Ms. Calcagni first says that the trial judge improperly excluded her expert’s, Mr. Trenge, testimony: . that the market value of properties in her neighborhood were in the range from $16,000 to $29,000; that it was his belief that figures appearing in the County’s assessment records under the heading “replacement value” actually show market value; and that it is his opinion that the application by the county assessors of a depreciation factor to replacement values to reach market value caused the fair market value of many properties in the neighborhood other than her own to be undervalued for assessment purposes. *42The hearing judge seems to have excluded Mr.
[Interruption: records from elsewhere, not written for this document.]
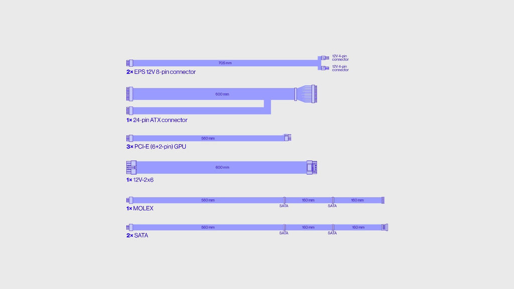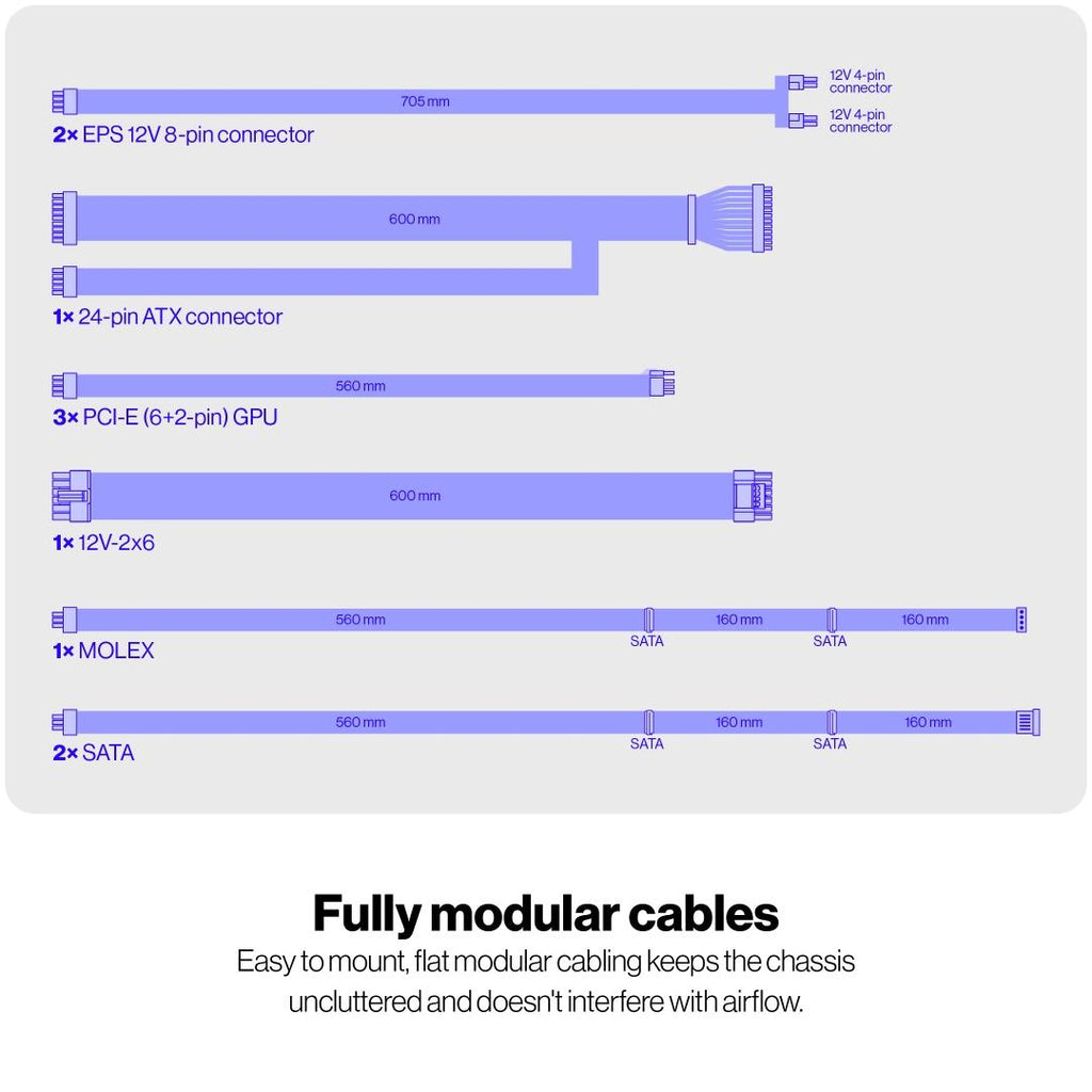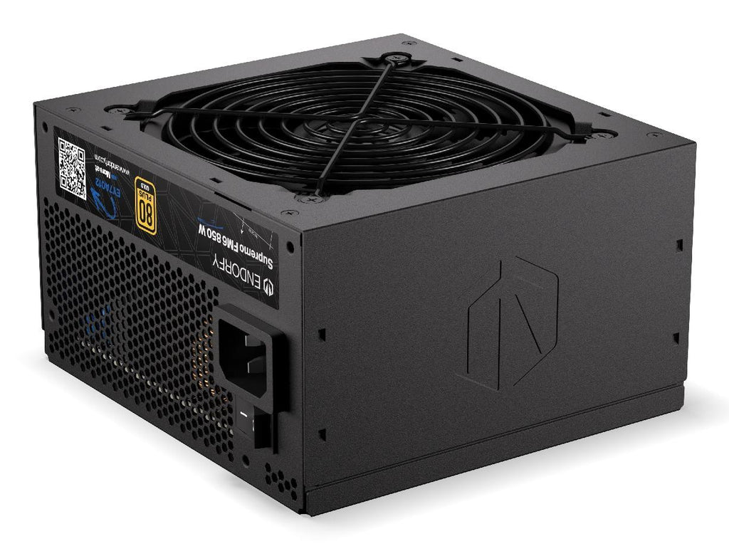 ENDORFY Supremo FM6 850 W. Total power: 850 W, AC input voltage: 100 - 240 V, AC input frequency: 50/60 Hz. Motherboard power connector: 24-pin ATX, SATA power cable length: 560 mm, Cabling type: Fully-Modular. Purpose: PC, Power supply unit (PSU) form factor: ATX, 80 PLUS certification: 80 PLUS Gold. Product colour: Black, Cooling type: Active, Fan diameter: 12 cm. Cables included: AC
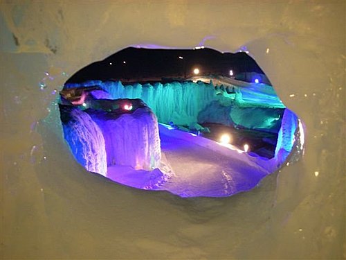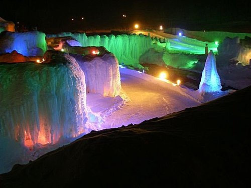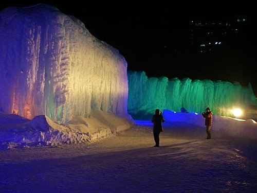 白天這座冰的城堡,看起來有點冰涼,但是到了夜晚打上燈光後,這座城堡就變得富麗堂皇了,如果有機會千萬不可錯過難得的煙火大會。層雲峽冰爆祭共有10次煙火時間,煙火施放的時間為假日晚上的八點半。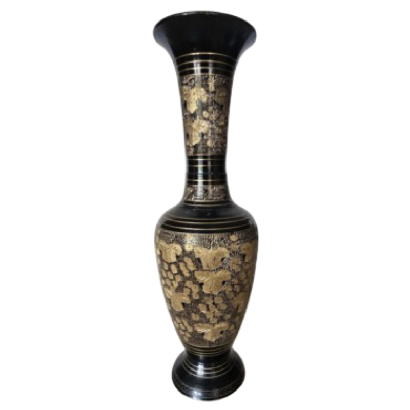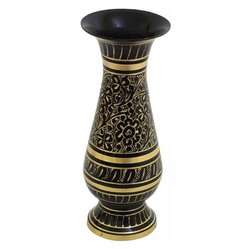 แจกันดอกไม้ทองเหลืองแท้คุณภาพสูงสไตล์วินเทจลายดอกไม้อารบิก แกะสลักด้วยสีดำและเคลือบเงา สำหรับตกแต่งบ้านบนโต๊ะ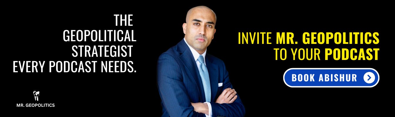 Mr. Geopolitics is the property of Abishur Prakash/The Geopolitical Business, Inc., and is protected under Canadian Copyright Law. This includes, but is not limited to: ideas, perspectives, expressions, concepts, etc. Any use of the insights, including sharing or interpretation, partly or wholly, requires explicit written permission.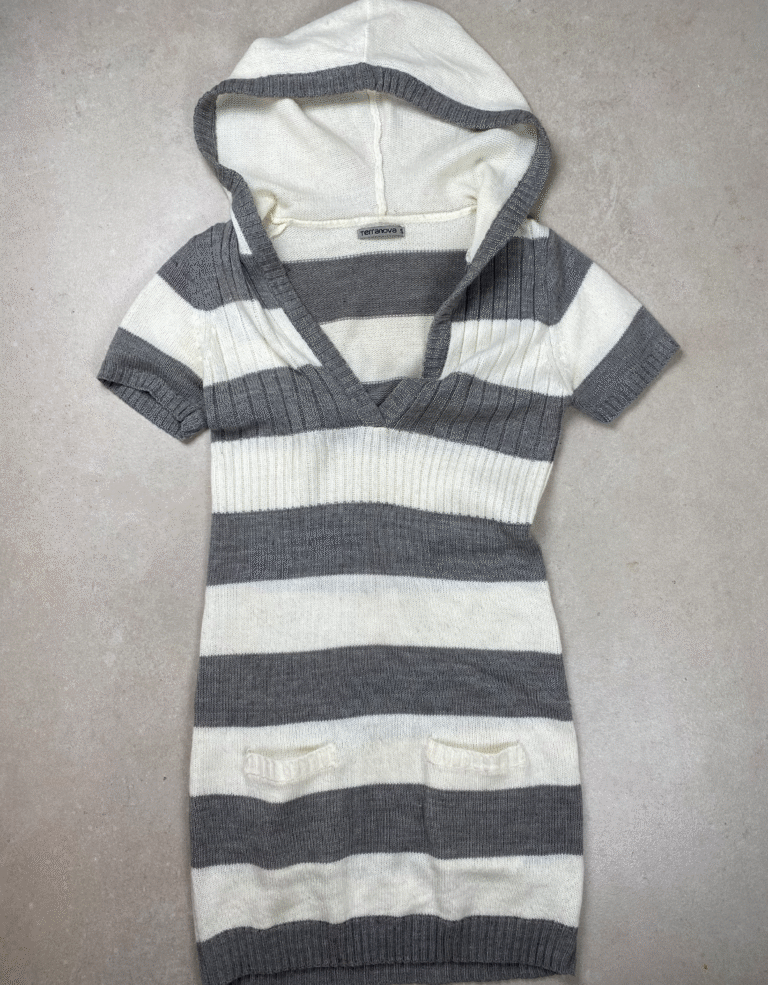 Grey and white knitted dress with polo silhouette, ribbing detail, pockets and hood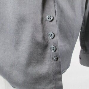 Smoke grey 100% Cotton with a silky, polished finish. 3 extra buttons for front or cuffs.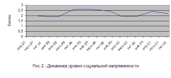 Приведем в качестве примера картину динамики уровня социальной напряженности в Санкт-Петербурге с апреля 1997 г. по октябрь 2001 г., определенную в результате социологического опроса (N=1300 каждый раз). В этот период замеры проводились регулярно, респонденты давали оценку различным проявлениям напряженности в рамках их территории (рис.2).
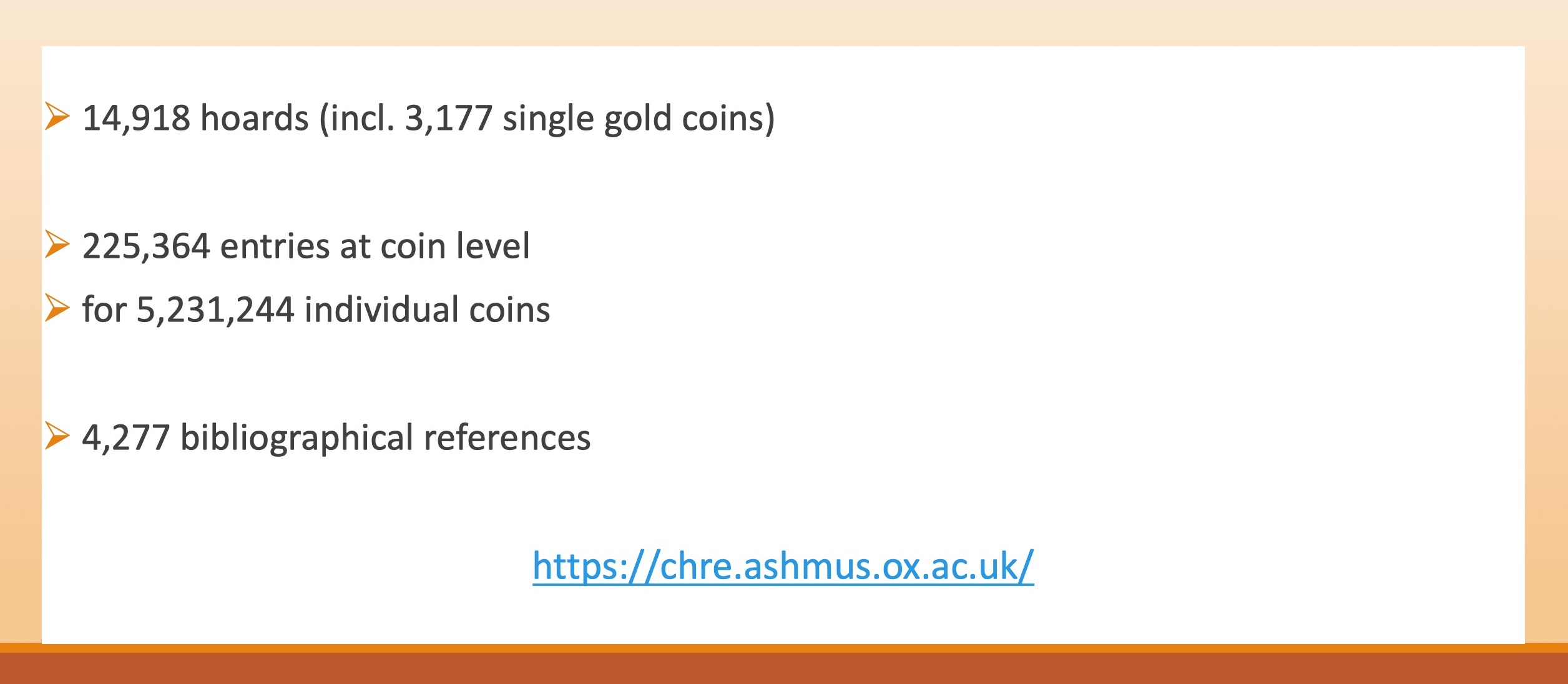 As of today, we have collected information on nearly 15,000 hoards both from within and outside the Roman Empire, amounting to more than 5 million individual coins and over 4000 bibliographical references:

Trenge’s opinion of values because the witness’s investigation consisted only of observations of the neighborhood from his automobile and for the further reason that the witness’s opinion was based in part at least upon a written appraisal not in the record prepared by another expert.

With respect to the things in the assessment records about which Mr. Trenge was asked but not permitted to comment, we note that the records were in evidence, that they showed figures for replacement value and depreciation and, indeed, also for appraised value and assessed value. The county’s chief assessor testified at length on direct and cross-examination on all these subjects. Mr. Trenge’s opinion of what the records purported to show or what they should be interpreted as showing was not one to which his training as a real estate broker lent any special value. Whether to hear or exclude it was clearly for the judge. A trial judge’s rulings on the admissability or not of expert opinions will not be reversed on appeal except for clear error. New Castle Central Renewal Associates Appeal, 36 Pa. Commonwealth Ct. 584, 587, 389 A.2d 225, 227 (1978). There was none such here.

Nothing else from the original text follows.